EXERCISE INPUT: Begin

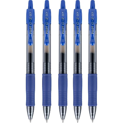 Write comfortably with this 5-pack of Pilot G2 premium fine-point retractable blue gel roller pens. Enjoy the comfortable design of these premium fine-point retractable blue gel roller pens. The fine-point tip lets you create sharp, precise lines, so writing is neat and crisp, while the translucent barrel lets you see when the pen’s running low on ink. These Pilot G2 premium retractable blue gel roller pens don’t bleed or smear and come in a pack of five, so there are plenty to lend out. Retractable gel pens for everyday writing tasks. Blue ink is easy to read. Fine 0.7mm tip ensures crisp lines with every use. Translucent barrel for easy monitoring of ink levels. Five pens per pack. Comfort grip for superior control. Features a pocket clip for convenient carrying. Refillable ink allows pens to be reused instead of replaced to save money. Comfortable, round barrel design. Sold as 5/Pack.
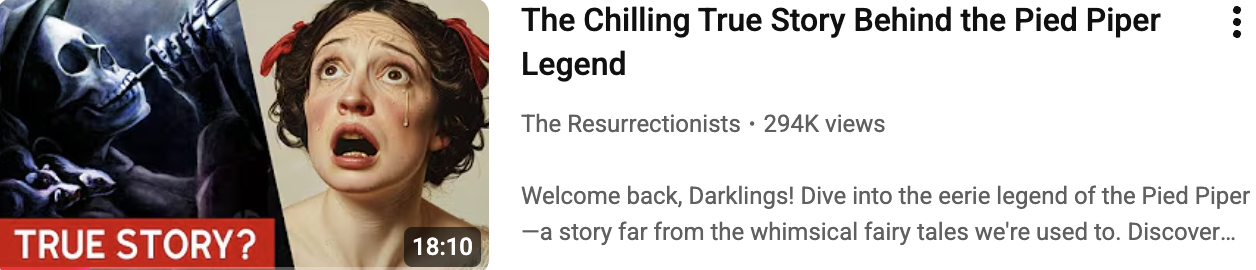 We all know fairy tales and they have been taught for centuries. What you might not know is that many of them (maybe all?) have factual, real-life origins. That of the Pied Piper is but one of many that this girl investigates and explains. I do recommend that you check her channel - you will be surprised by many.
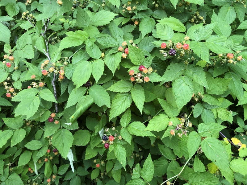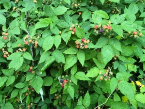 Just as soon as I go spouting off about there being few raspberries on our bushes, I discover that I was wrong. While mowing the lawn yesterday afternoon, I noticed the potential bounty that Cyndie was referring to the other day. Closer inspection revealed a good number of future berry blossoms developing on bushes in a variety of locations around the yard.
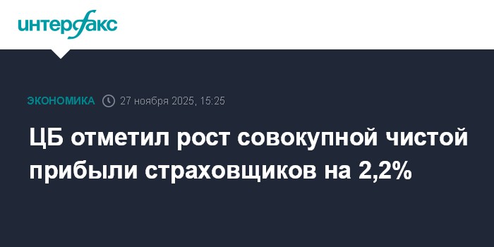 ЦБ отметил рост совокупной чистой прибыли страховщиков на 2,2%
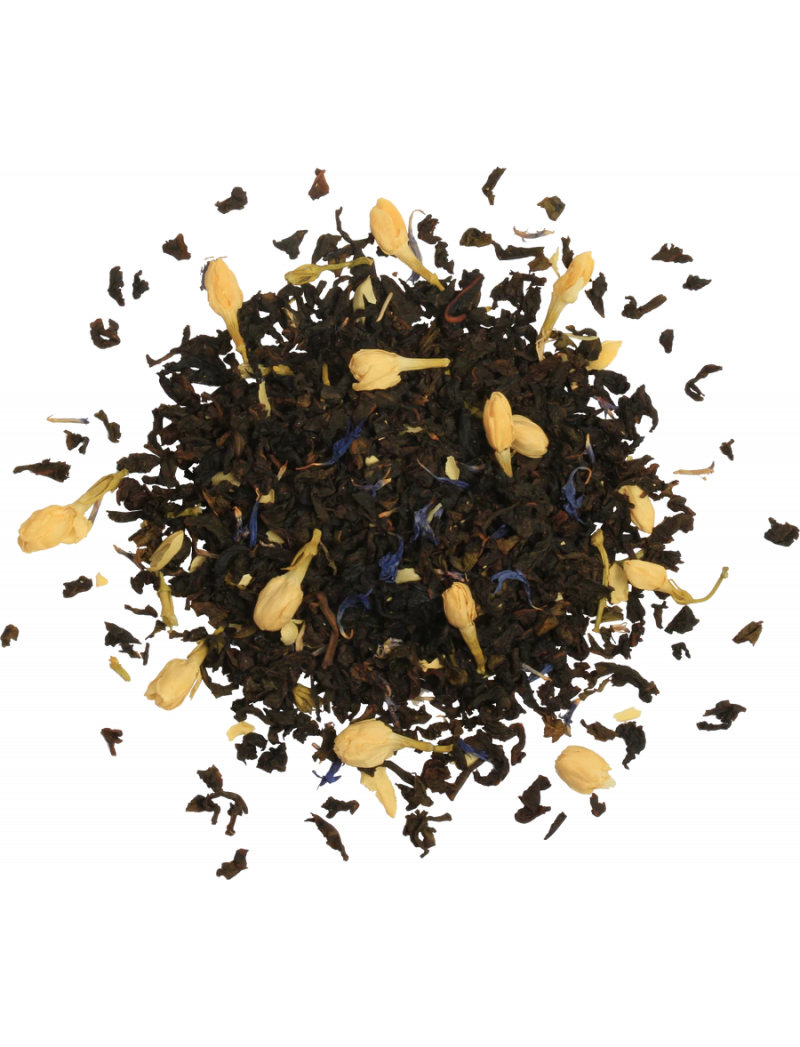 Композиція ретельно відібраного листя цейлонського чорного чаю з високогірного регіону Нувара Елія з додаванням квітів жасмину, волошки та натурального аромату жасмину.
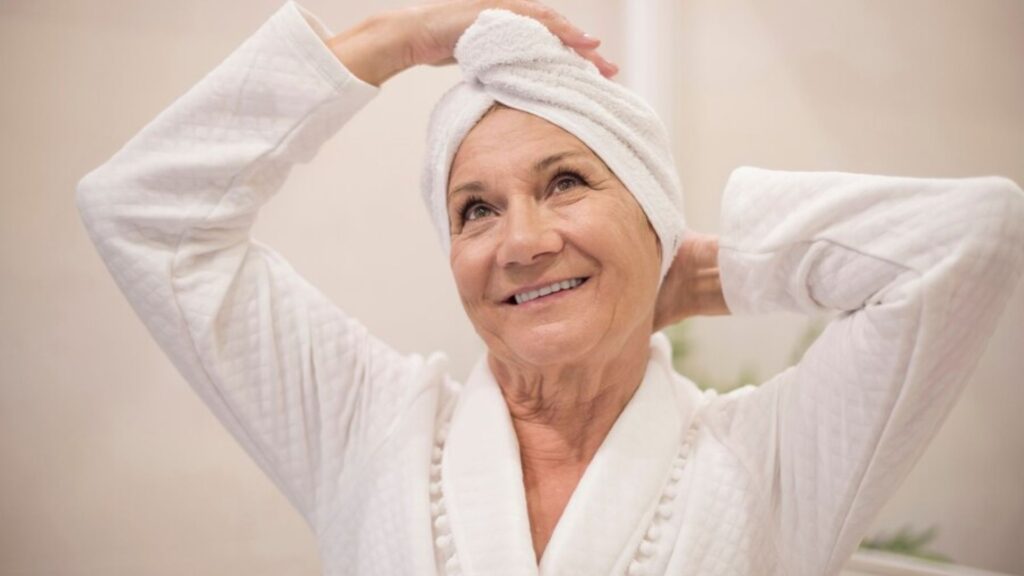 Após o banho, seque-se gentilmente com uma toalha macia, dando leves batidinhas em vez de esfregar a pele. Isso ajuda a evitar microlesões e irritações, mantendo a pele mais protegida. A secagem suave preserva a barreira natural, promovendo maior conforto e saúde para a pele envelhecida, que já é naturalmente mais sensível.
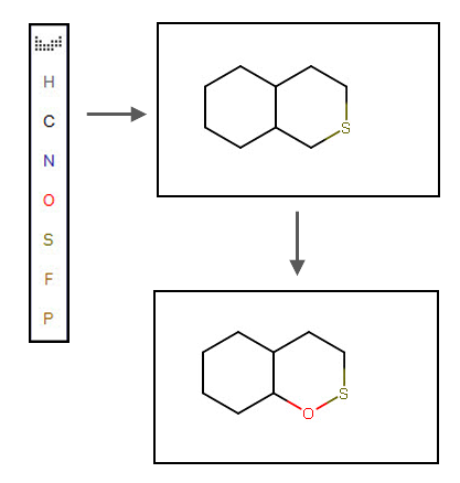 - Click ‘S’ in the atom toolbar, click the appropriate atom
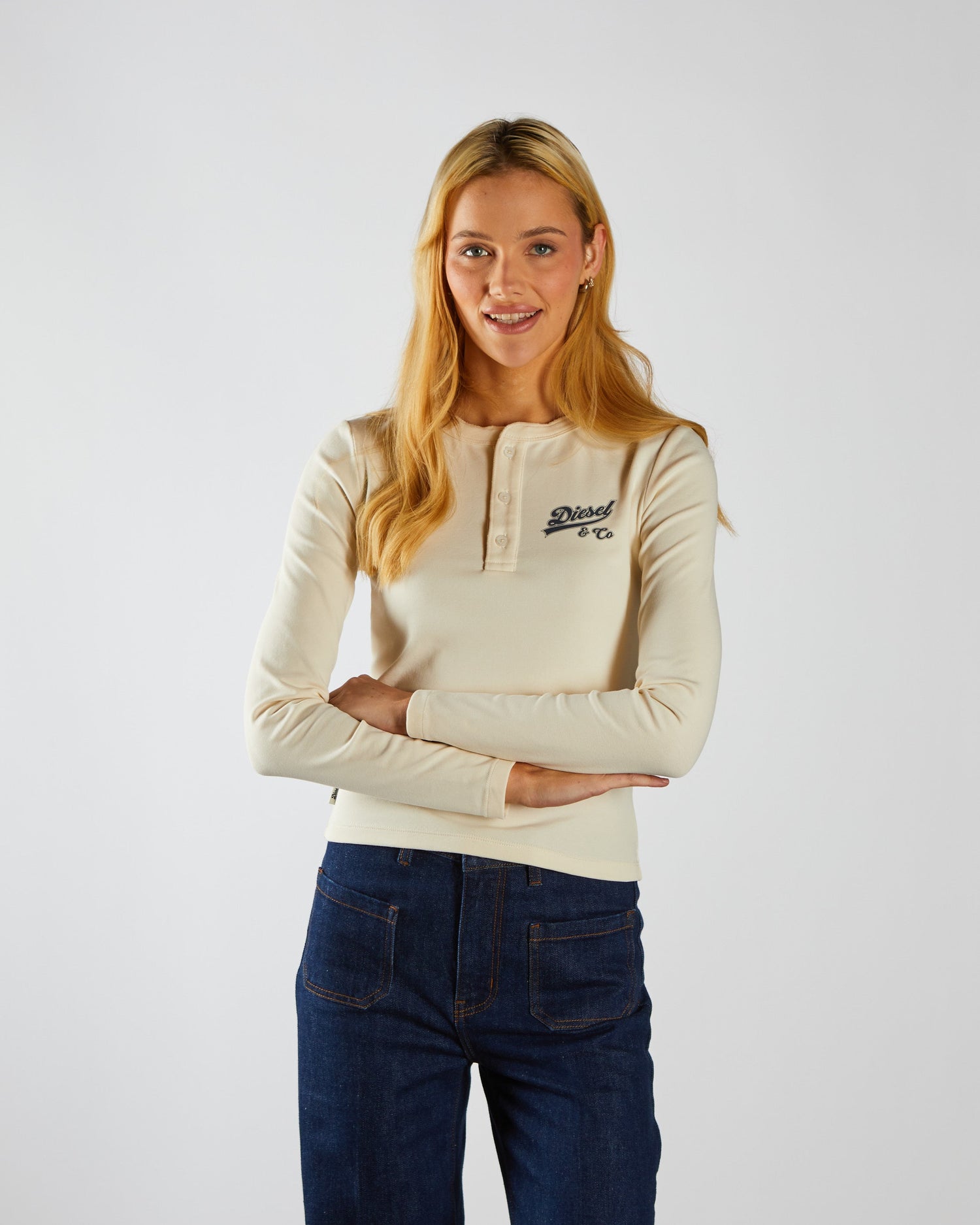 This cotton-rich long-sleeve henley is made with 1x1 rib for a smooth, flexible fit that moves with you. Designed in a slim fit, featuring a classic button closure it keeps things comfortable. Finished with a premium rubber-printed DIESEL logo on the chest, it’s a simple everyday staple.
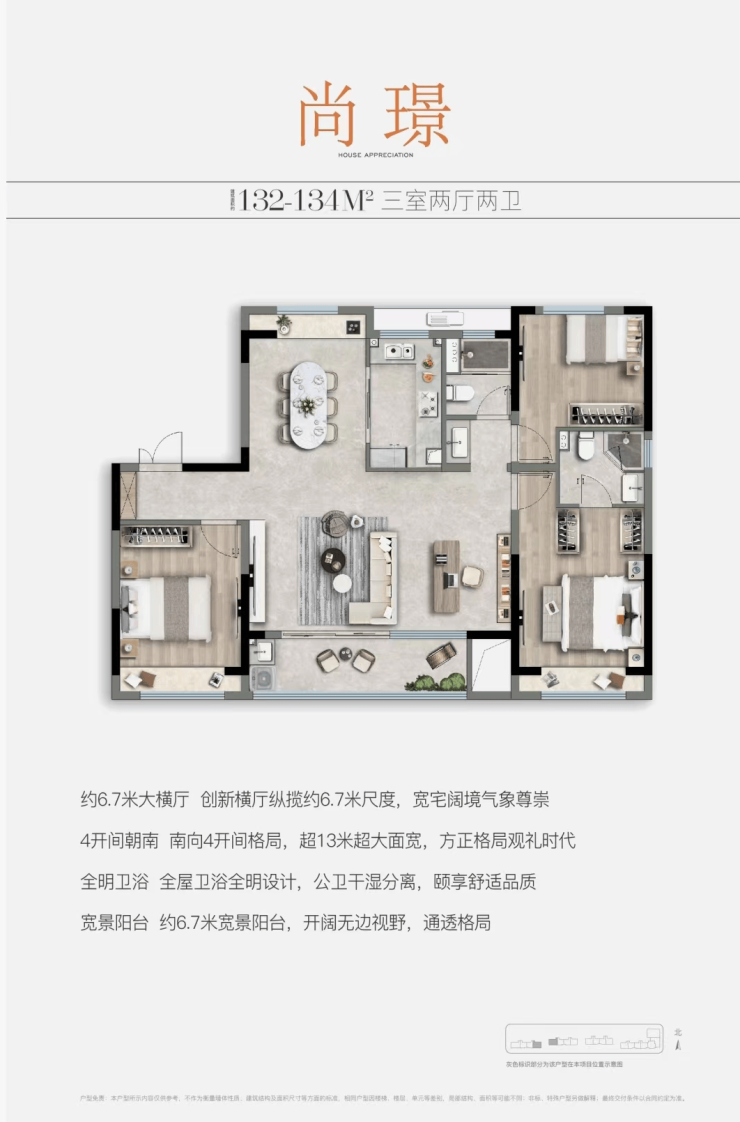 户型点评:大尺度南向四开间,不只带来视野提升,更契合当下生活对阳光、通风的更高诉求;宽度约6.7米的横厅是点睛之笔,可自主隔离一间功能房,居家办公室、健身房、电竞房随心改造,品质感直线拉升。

EXERCISE INPUT: End

Could you retype every record above exactly, leaving the pictures out?

**TASK RESPONSE:**
 Write comfortably with this 5-pack of Pilot G2 premium fine-point retractable blue gel roller pens. Enjoy the comfortable design of these premium fine-point retractable blue gel roller pens. The fine-point tip lets you create sharp, precise lines, so writing is neat and crisp, while the translucent barrel lets you see when the pen’s running low on ink. These Pilot G2 premium retractable blue gel roller pens don’t bleed or smear and come in a pack of five, so there are plenty to lend out. Retractable gel pens for everyday writing tasks. Blue ink is easy to read. Fine 0.7mm tip ensures crisp lines with every use. Translucent barrel for easy monitoring of ink levels. Five pens per pack. Comfort grip for superior control. Features a pocket clip for convenient carrying. Refillable ink allows pens to be reused instead of replaced to save money. Comfortable, round barrel design. Sold as 5/Pack.
 We all know fairy tales and they have been taught for centuries. What you might not know is that many of them (maybe all?) have factual, real-life origins. That of the Pied Piper is but one of many that this girl investigates and explains. I do recommend that you check her channel - you will be surprised by many.
 Just as soon as I go spouting off about there being few raspberries on our bushes, I discover that I was wrong. While mowing the lawn yesterday afternoon, I noticed the potential bounty that Cyndie was referring to the other day. Closer inspection revealed a good number of future berry blossoms developing on bushes in a variety of locations around the yard.
 ЦБ отметил рост совокупной чистой прибыли страховщиков на 2,2%
 Композиція ретельно відібраного листя цейлонського чорного чаю з високогірного регіону Нувара Елія з додаванням квітів жасмину, волошки та натурального аромату жасмину.
 Após o banho, seque-se gentilmente com uma toalha macia, dando leves batidinhas em vez de esfregar a pele. Isso ajuda a evitar microlesões e irritações, mantendo a pele mais protegida. A secagem suave preserva a barreira natural, promovendo maior conforto e saúde para a pele envelhecida, que já é naturalmente mais sensível.
 - Click ‘S’ in the atom toolbar, click the appropriate atom
 This cotton-rich long-sleeve henley is made with 1x1 rib for a smooth, flexible fit that moves with you. Designed in a slim fit, featuring a classic button closure it keeps things comfortable. Finished with a premium rubber-printed DIESEL logo on the chest, it’s a simple everyday staple.
 户型点评:大尺度南向四开间,不只带来视野提升,更契合当下生活对阳光、通风的更高诉求;宽度约6.7米的横厅是点睛之笔,可自主隔离一间功能房,居家办公室、健身房、电竞房随心改造,品质感直线拉升。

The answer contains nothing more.